We are confident that the Presidential Committee on Fiscal Policy and Tax Reform will adequately address the matter. Our Director General represents the Organized Private Sector on the Committee and we look forward to working jointly with the representatives of your Ministry on the Committee to make the case for fair taxation of the manufacturing sector. 

ii. High Cost of Borrowing

Another constraining factor in the manufacturing sector is the challenge of high interest rate. The average bank lending rate for manufacturers is 26% per annum. We acknowledge the 9% interest rate on the N75 billion loan facility for a minimum of 75 companies that was recently promised by Mr. President. While commending His Excellency for this initiative, we are hopeful that it could even come at a lower rate and MAN would be given the opportunity to work with government to determine deserving sectors, agree the disbursement modalities and join in the evaluation and monitoring of its effectiveness. We believe that this inclusive approach will guarantee more success and create the basis for granting a much bigger emergency fund for the beleaguered manufacturing sector in the near future.

iii. Infrastructural Inadequacy:

Poor infrastructure, including inadequate power supply, poor road networks, and inefficient port facilities are serious impediments to the growth of the manufacturing sector. We look forward to government to improve investment and undertake effective reforms to guarantee reliable power supply; good road networks; and an efficient port system. 

iv. Low Local Content Development and Patronage of made-in-Nigeria Products

Nigeria has a low local content adoption and patronage of made in Nigeria products. We urge His Excellency to ensure effective enforcement of local content and patronage regulations. This can be achieved by strict enforcement of local content laws, incentivizing local sourcing of raw materials, and innovation in the manufacturing sector. Also, the public sector at all levels should, as a matter of national importance, step up their compliance with existing government directive on patronage of made-in-Nigeria products, including Executive Orders 003 and 005

v. Poor Sectoral integration of the manufacturing sector:

The manufacturing sector is one of the sectors of the economy with wide sectoral interlinkages. However, the low level of development of auxiliary sectors is disentangling the manufacturing sector from the rest of the sectors. This is more so in agriculture, iron and steel and mining sectors. This has resulted in a limited supply of raw materials and other input for the manufacturing sector. Therefore, it is essential to encourage backward integration and sectoral linkages to promote a more sustainable manufacturing sector in Nigeria.
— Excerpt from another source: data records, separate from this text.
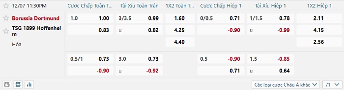Tip kèo Châu Á hiệp 1 Dortmund vs Hoffenheim
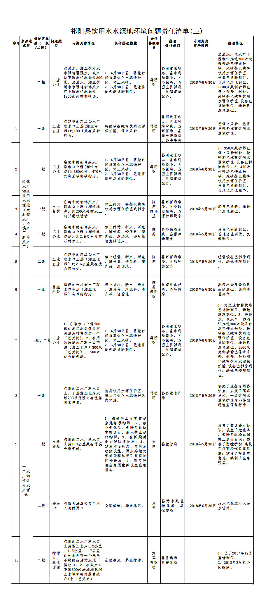 祁阳县县级饮用水水源地环境问题责任清单及整治情况(三)
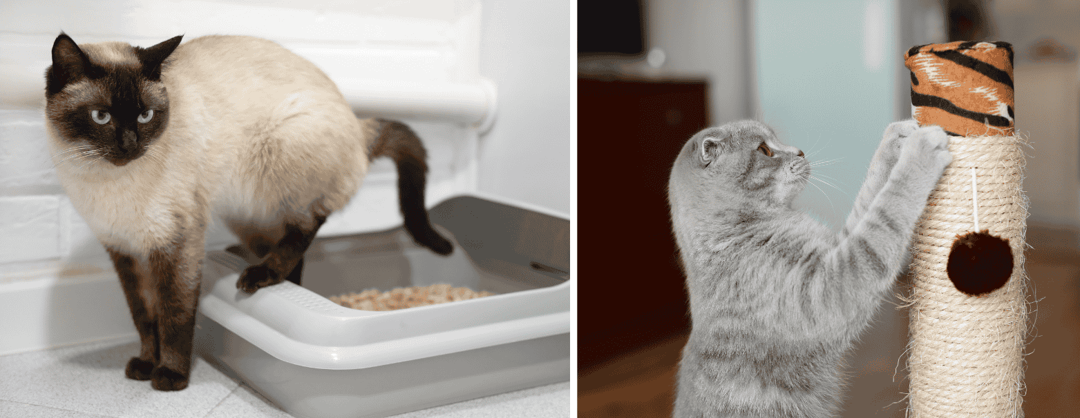 Krabpalen, kattenbakken, mandjes en speeltjes
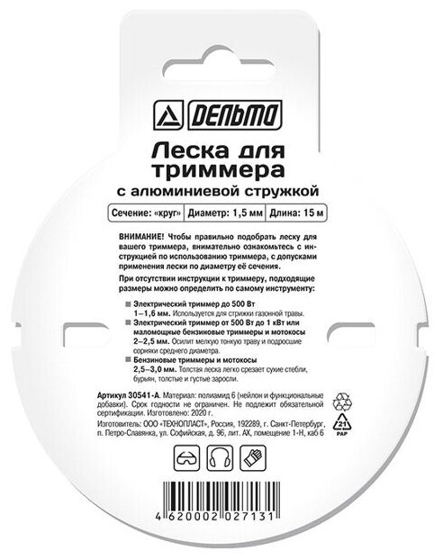 | Дополнительная информация | Леска для триммеров армированная, 2,5 мм, 15 м, круг |
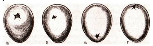 Просвечивая яйца на овоскопе, следует обращать внимание и на расположение желтка. Он должен находиться посередине яйца, не примыкая ни к одной из сторон. При вращении яйца вокруг продольной своей оси желток, отклоняясь в сторону вращения, по окончании вращения должен возвращаться в прежнее положение. В противном случае произойдет обрыв градинок, удерживающих желток яйца в центральном положении, предотвращая его прилипание к подскорлупной оболочке в период инкубации. При просвечивании яйца на овоскопе обращают внимание и на структуру скорлупы. Она должна быть однородной, без «мраморности».
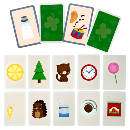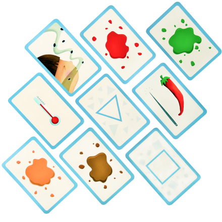 В наборе карточки с изображением предметов (кактус, носок, еж и т.п.) с одной стороны, и их признаков (круглый, горячий, острый и т.п.) - с другой. Каждый игрок получает по 5 случайных карт и выкладывает их перед собой стороной с объектами вверх. В центре стола размещается одна случайная карта стороной с признаком вверх – это активная карта.
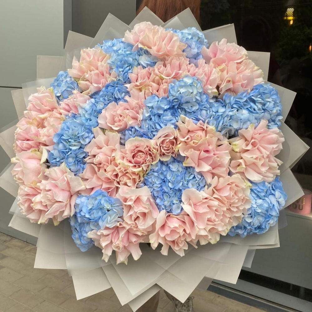 blue hydrangea - 15 шт. roses - 30 шт.
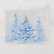 Une aquarelle, des lumières de Noël dans les pins enneigés. Tableau original imprimé sur une carte postale, oeuvre de Kristina Anderson

vi. Shortage of Foreign Exchange

MAN appreciates the new administration’s policy on exchange rate unification as part of the measures to address the forex crisis. However, the problem is only half solved as forex shortages and high rate persist in the market. Addressing supply inadequacy is critical to a resilient manufacturing sector and we urge government to intensify its current efforts in this regard. 

I am confident that our Distinguished Guest Speaker will adequately address these issues and more, in greater details.


Your Excellencies, ladies and gentlemen, we are standing on the cusp of a new and critical era. Though the manufacturing sector is passing through hard and challenging times, setting a comprehensive agenda for the sector’s transformation will enhance its competitiveness and unlock its full potential.

MAN has always been a key partner to Government and remain willing, available and ready to support the Government in formulating and executing its policies

Therefore, we earnestly seek a summit to engage government at the highest ministerial level to discuss the fate of the manufacturing sector in Nigeria.

On this note, your Excellency, Distinguished Guests, Ladies and Gentlemen, I warmly welcome you to the 3rd Adeola Odutola Lecture and Presidential Luncheon of the Manufacturers Association of Nigeria.